The extent of age-related changes to cardiac mitochondria are poorly defined and further confounded by their heterogeneous nature. Similar to other muscle tissues, cardiac mitochondria are distributed into two localized groups. Subsarcolemmal mitochondria (SSM) are adjacent to the subsarcolemmal membrane, whereas interfibrillary mitochondria (IFM) are tightly associated with myosin fibers [9]. In addition to differences in their locality, the rates of oxidative phosphoryation of IFM and SSM are also different. In comparison to SSM, IFM exhibit higher State 3 respiratory rates and contain increased content of respiratory cytochromes and activity of electron transport chain complexes. Due to the differences in intracellular locale, SSM may be more important in supplying ATP for ion homeostasis (Ca-ATPases), whereas IFM may supply ATP required for myosin ATPase activity. Understanding the age-related changes specific to these subpopulations will be fundamentally important in identifying likely cellular processes that are affected during the aging process.

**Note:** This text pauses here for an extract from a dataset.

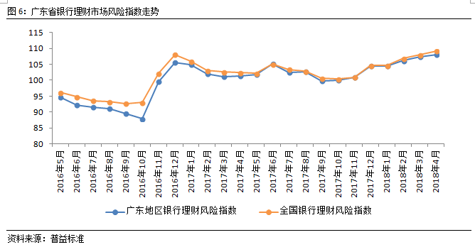 4月,广东省银行理财价格指数进一步下降,市场总风险小幅上升。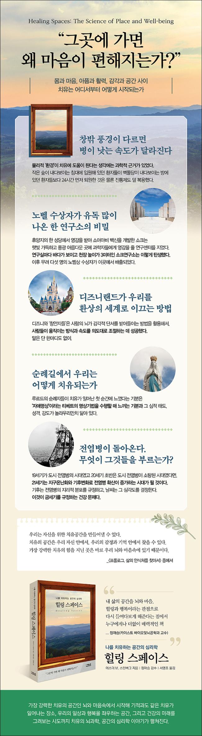Àå¼Ò¿¡ ´ëÇÑ ¿ì¸®ÀÇ °¨°¢Àº ¿ì¸®°¡ º¸°í ´À³¢°í ³¿»õ ¸Ã°í µè´Â °Í, Áï ¿ì¸®ÀÇ ¸ðµç °¨°¢À» °ÅÃÄ ¸¸µé¾îÁø´Ù. ¿ì¸®°¡ ±× Àå¼Ò¸¦ ÇÑ ¹ø °æÇèÇϰí, ´Ù½Ã °æÇèÇÒ ¶§¸¶´Ù ¿ì¸®ÀÇ ±â¾ï ¼Ó¿¡¼ ¸¸µé¾îÁö°í, ´Ù½Ã ¸¸µé¾îÁø´Ù. (¡¦¡¦) ¿ì¸®´Â ȯ°æÀ» Áý¾î»ïŰ°í ÆÄ±«Çϸç, °á°úÀûÀ¸·Î ¿ì¸® ½º½º·Î¸¦ ÆÄ±«ÇÏ´Â Àå¼ÒµéÀ» ¸¸µé¾î³¾ ¼ö ÀÖ´Ù. ±× Á¤¹Ý´ëµµ °¡´ÉÇÏ´Ù. ¿ì¸®´Â ȯ°æ°ú Á¶È¸¦ ÀÌ·ç°í °Ç°À» ÁöŰ´Â µ¥ µµ¿òÀ» ÁÖ´Â Àå¼ÒµéÀ» ¸¸µé¾î³¾ ¼ö ÀÖ´Ù.

Interestingly, Hoppel and co-workers reported that the age-related loss in respiratory function is primarily localized to IFM [10]. This is reflected by the fact that aging results in a selective loss of IFM protein yield [10] and activities of Complexes III [11] and IV [10]. The aging defects on Complex III seem to involve lesions at the cytochrome c binding site, whereas the exact nature of defects involving Complex IV have not been established. The tight physical association of IFM to myosin fibrils necessitates the use of proteases during the isolation procedure and thus may be more prone to damage during isolation. However, Hoppel and co-workers demonstrated that SSM treated in an identical manner, as IFM exhibit no changes in bioenergetic parameters, such as respiratory control ratios, and in various electron transport chain activities [12].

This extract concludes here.